▶ Listed records

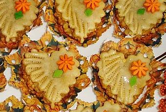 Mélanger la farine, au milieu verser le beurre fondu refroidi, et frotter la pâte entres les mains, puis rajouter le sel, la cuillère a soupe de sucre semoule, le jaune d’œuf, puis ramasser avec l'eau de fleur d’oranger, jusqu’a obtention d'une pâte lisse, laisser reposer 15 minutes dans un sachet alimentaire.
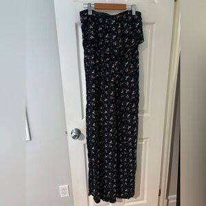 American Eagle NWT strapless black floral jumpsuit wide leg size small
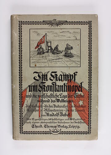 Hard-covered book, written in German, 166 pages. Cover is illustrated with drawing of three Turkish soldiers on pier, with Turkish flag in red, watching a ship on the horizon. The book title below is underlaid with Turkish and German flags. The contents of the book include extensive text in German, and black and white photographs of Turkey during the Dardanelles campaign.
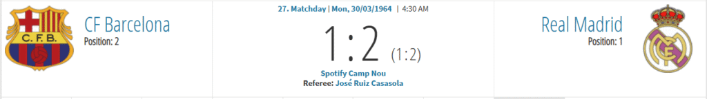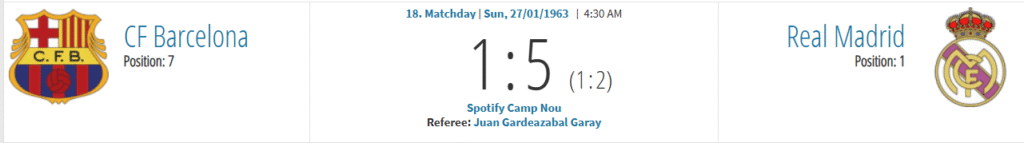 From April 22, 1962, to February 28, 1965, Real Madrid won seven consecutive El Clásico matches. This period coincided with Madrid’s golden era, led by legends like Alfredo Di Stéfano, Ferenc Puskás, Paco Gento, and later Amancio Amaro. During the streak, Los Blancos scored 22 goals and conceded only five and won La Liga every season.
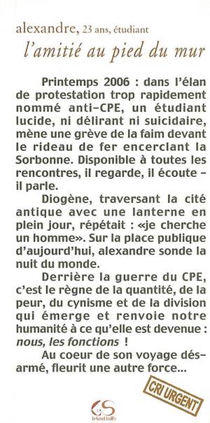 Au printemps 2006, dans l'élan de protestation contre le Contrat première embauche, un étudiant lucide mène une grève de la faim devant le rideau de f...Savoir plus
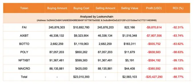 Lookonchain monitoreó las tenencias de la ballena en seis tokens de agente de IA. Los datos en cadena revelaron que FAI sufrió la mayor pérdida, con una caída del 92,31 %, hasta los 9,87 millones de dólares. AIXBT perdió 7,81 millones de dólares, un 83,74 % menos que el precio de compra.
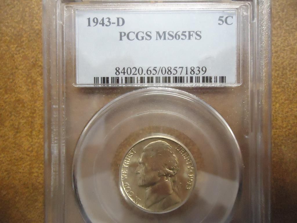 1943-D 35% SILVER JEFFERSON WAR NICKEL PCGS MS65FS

▶ What is expected
Only the pictures are to be omitted; restate everything else above exactly.

▶ Reply
 Mélanger la farine, au milieu verser le beurre fondu refroidi, et frotter la pâte entres les mains, puis rajouter le sel, la cuillère a soupe de sucre semoule, le jaune d’œuf, puis ramasser avec l'eau de fleur d’oranger, jusqu’a obtention d'une pâte lisse, laisser reposer 15 minutes dans un sachet alimentaire.
 American Eagle NWT strapless black floral jumpsuit wide leg size small
 Hard-covered book, written in German, 166 pages. Cover is illustrated with drawing of three Turkish soldiers on pier, with Turkish flag in red, watching a ship on the horizon. The book title below is underlaid with Turkish and German flags. The contents of the book include extensive text in German, and black and white photographs of Turkey during the Dardanelles campaign.
 From April 22, 1962, to February 28, 1965, Real Madrid won seven consecutive El Clásico matches. This period coincided with Madrid’s golden era, led by legends like Alfredo Di Stéfano, Ferenc Puskás, Paco Gento, and later Amancio Amaro. During the streak, Los Blancos scored 22 goals and conceded only five and won La Liga every season.
 Au printemps 2006, dans l'élan de protestation contre le Contrat première embauche, un étudiant lucide mène une grève de la faim devant le rideau de f...Savoir plus
 Lookonchain monitoreó las tenencias de la ballena en seis tokens de agente de IA. Los datos en cadena revelaron que FAI sufrió la mayor pérdida, con una caída del 92,31 %, hasta los 9,87 millones de dólares. AIXBT perdió 7,81 millones de dólares, un 83,74 % menos que el precio de compra.
 1943-D 35% SILVER JEFFERSON WAR NICKEL PCGS MS65FS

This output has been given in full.